O professor M., de quem eu já tinha ouvido falar mal, começou assim:
- Estou vendo uma inflexão tão preconceituosa aqui, aqui e aqui. O que você tem contra pedintes de ônibus?** Então eu quero saber só isso: de onde você tirou esses dados para essa introdução. Eu queria saber que... que método você usou para essa pesquisa. Que método?
- Empírico.
(Silêncio de cinco segundos, eu olhando no olho dele plácida. Professora L. se mexe na cadeira.)
Então expliquei que a pesquisa ainda não tinha sido feita, porque eu ainda não tinha passado para o curso do mestrado. Ao longo do mestrado é que se faz a pesquisa completa, e aí eu teria a chance de modificar a minha introdução e a minha hipótese. (Sorriso conciliador.)
O homem espumou de raiva. Sério mesmo. Juntou bolhinha no canto do lábio. Ele largou o osso enquanto professora L. tentava pôr panos quentes me elogiando um pouco mais. Mas eu sabia que ele logo voltaria à carga. O que eu não esperava é que fosse tão canhestramente.
- Como é que você pode nos apresentar uma introdução nessas condições?
- Eu concordo com você, mas o edital de vocês pede a introdução primeiro. O que eu entendi (e dei uma olhadinha para as professoras L. e M. enquanto isso) foi que vocês só queriam ter uma ideia da nossa capacidade de desenvolvimento e pensamento, não que já fôssemos ser avaliados agora pela capacidade de pesquisa... Inclusive, quando terminei a graduação por essa mesma escola (outra olhadinha para as duas), a professora R. de jornalismo, em Projeto Experimental I, disse que a introdução era a última coisa depois da pesquisa.
- Eu não quero saber o que os imbecis do jornalismo lhe ensinaram!!! (discreto sshhh! da professora L. tocando-lhe no braço) E blá blá blá...**
Quando saí, a professora L. elogiou meu capacete de bicicleta.
- Oh, isso? Não sabia que contava. Não é nada ativista não, venho de bicicleta por preguiça mesmo.
Fui reprovada. Certamente por descompostura.

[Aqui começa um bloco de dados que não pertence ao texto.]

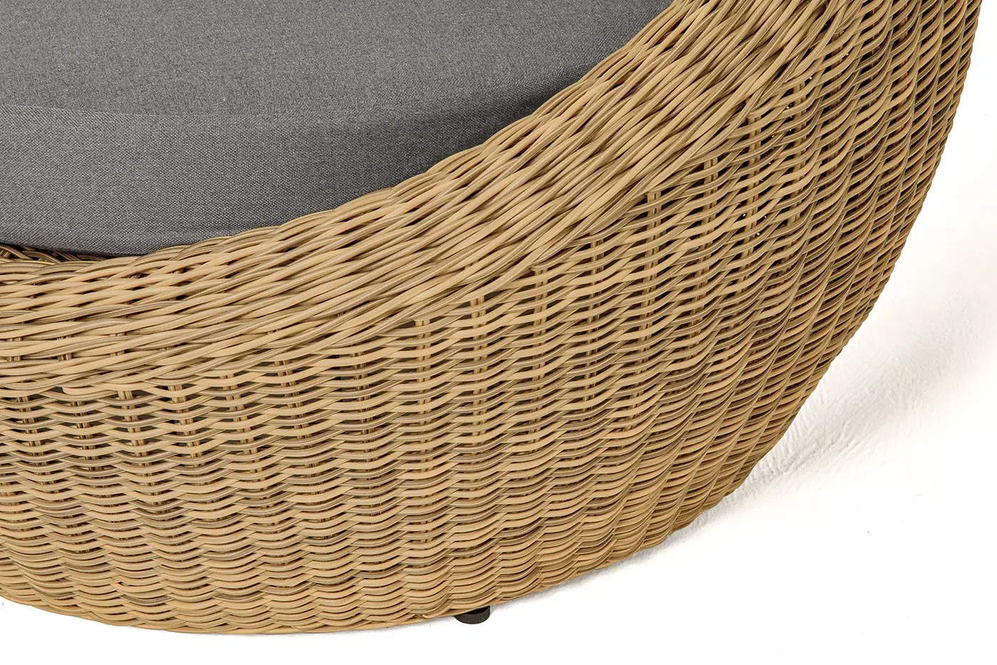 В комплекте с уличным ротанговым креслом идут мягкие подушки со съёмными чехлами серого оттенка. Они пошиты из полиэстера, который не боится повышенной влажности благодаря наличию влагоотталкивающей пропитки. Плотность ткани составляет 300гр/м2.

Confesso que fui irritante de propósito. Fui bem criancinha prodígio explicadinha e articulada e sonsa. Mas ele pediu. Além do mais, se não sabe brincar, não desce pro play. Se você quer pagar de pimp, não aja como bitch.
Eu entendo a dinâmica tira-bom tira-mau tira-neutro, mas o tira mau tem que impor respeito, não dar soquinho de festim. A tira boa mandou bem em seu papel, a neutra também, mas o tira mau... tsk. Ele pode ter me reprovado, mas eu também o reprovei.

"Mas você não tentou de novo?"
O quê - e ter aquilo como professor? Ou morrer na praia com esse tipo de banca? Perdi a fé, foi mal.


* Sempre quis ser paga pra pensar, ao contrário da Luciana Gimenez e depois meio que consegui isso através da Bolsa Petrobras, mas isso é outra história.
** (desculpa, ele falou umas coisas que realmente não faziam sentido racional, então nem tive esteio pra guardar.)